Animated Feature Oscar 2015: The Nominees

The 85th Academy Awards® will air live on Oscar® Sunday, February 24, 2013.
Let’s be real, folks, we know who’s going to win the Oscar for Best Animated Feature this year. Just like Frozen scraped all the awards last year, How To Train Your Dragon 2 is on its way to do the exact same thing, as it already won The Golden Globes and pretty much half of the Annie Awards. The only difference is that this time, I am not exactly part of the hype. You may remember that as much as I loved Frozen, I had some objections to raise last year regarding the Animated Feature Oscar. I won’t make too much of a fuss about it though: the Academy is what it is and since the ceremony will take place at the end of this week, there’s really no use in arguing about it. Still, the more I think about Dragons 2, the less I like it. I really wish it wasn’t so: the first How to train your Dragon is probably Dreamworks’ best film, period, and I am utterly frustrated not to be able to feel the same admiration for the second one. This is not the first time this has happened, though. As I mentioned in a piece last July, I tend to get slightly annoyed when original, one-of-a-kind movies get sequels that make them take a 360° spin on their message and head right back into conventional territory in the process. In the end, How to train your Dragon 2 is not really a bad movie, but it did commit a crime: it wasn’t anything more.

What about the others though? With the Lego Movie out of the picture, how does the competition look this year?

Let’s have a look.

Big Hero 6


I am as surprised as you are that Big Hero 6 is not my personal champion of the year. After all, it technically has everything to get me going: super heroes, a touching message, and even pretty people to swoon all over. (I know they’re probably under 20, but it’s okay: they’re cartoon characters.) When all was said and done though, Big Hero 6 came off as too polished and safe. I know that sounds hypocritical coming from a Frozen groupie, but I usually expect more from a Marvel than from a classic Disney fairy tale. Big Hero 6 has engaging characters and could have been a really great movie, but it suffers from a very rushed pace and a simplistic plot. In the end, it touched upon a lot of things, but never dared to go deeper. It is yet another victim of the lack of credit the industry gives kids, and that’s really a shame. Oh, well.

Song of the Sea


I haven’t seen it. I’ve been trying to see this movie for a while, but I missed it while it was on the big screen and haven’t been able to find it anywhere yet. Now I kind of want to die, because Tom Moore is a talented filmmaker and this should both have a chance to win and an occasion to transform me into a trembling heap of feelings.

The Boxtrolls


Dear Academy, you really don’t have to nominate everything Laika does. I have nothing against them, butThe Boxtrolls is not Oscar-worthy. The movie has a lot of creativity, that’s for sure, but Seven Hells, am I the only one who thought that the story didn’t make much sense? Or that the whole movie was kind of mean-spirited? Granted, I’m not saying that was the filmmaker’s intention, but watching The Boxtrolls felt strangely unpleasant. I don’t get why the bad guy is a tranvestite, nor how that ties in his badness. Or maybe it was supposed to make him sympathetic? I don’t know. I don’t get why that annoying little girl was constantly around ruining everything, nor do I understand why said girl’s father suddenly realized he was a douchebag after spending the whole movie being only distracted by cheese. If the Academy wanted creativity and didn’t want The Lego Movie around, they could have gone with The Book of Life.

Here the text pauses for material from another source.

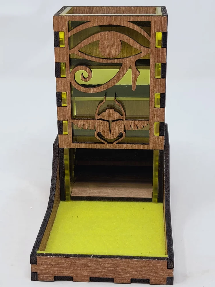 EYE OF RA Dice Tower Tray wood & acrylic nesting portable tabletop games DND This simple, yet elegant dice tower does a wonderful job of keeping your dice in the tower, rather than crashing across your tabletop or rolling onto the floor! Length: 5 1/8 in Width: 3 in Depth: 1 2/4 in Accommodates standard 6 sided die, DND 7 piece dice set (including 20 sided die). Folds up for easy storage and portability in your pocket, bag or backpack. Felt covered baffles and dice tray reduce the sound of the dice rolling. Please visit our store to purchase other dice towers, as well as our MTG Deck Boxes. We develop new products through Kickstarter regularly so please check back for more items soon! We will combine shipping costs for multiple items if requested.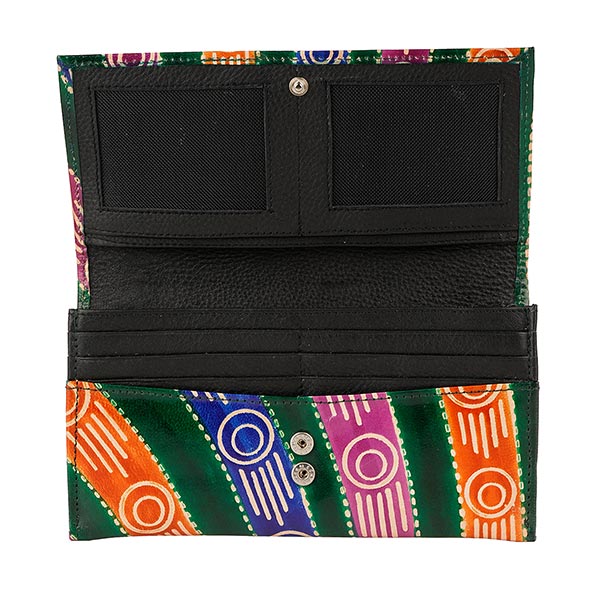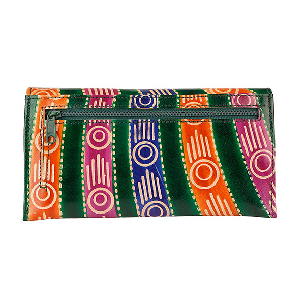 Das Besondere ist die Fertigung in traditioneller Shantiniketani-Technik. Das Leder wird geprägt und anschließend von erfahrenen Handwerkerinnen von Hand koloriert. Diese Technik wurde in den 1930er in Indien von Rabindranath Tagore (Schriftsteller und Nobelpreisträger) in Westbengalen eingeführt, um neue Einkommensmöglichkeiten im Handwerk zu schaffen.

The Tale of the Princess Kaguya


The Tale of the Princess Kaguya is this year’s Studio Ghibli’s Oscar champion and, once again, a much more mature movie among a bunch of kids’ films. It’s very stylish (there’s notably that one scene around the middle of the movie that’s almost too gorgeous for its own good) and it also has a lot of heart. I love myself some bittersweetness, and this particular little jewel has all of it. It spoke to me as a woman and still took some time to make my eyes sparkle in wonder. I know it’s not going to win, but I still support it with all my heart.

– Anais L

Some say she’s French. Some say she’s a voodoo witch. What is certain is that Anais left her awkward print on all things artsy at one point or another in her life, performing as a singer and a pianist, exhibiting photographs and paintings, and leaving an embarrassing amount of visual proofs of those events on the internet. Anais’ dream is to be an animation writer. She thinks everything should be animated and she is more than half convinced that she is herself a cartoon character. She hopes that one day, Pendleton Ward or Jennifer Lee will read her screenplays and say they’re neat.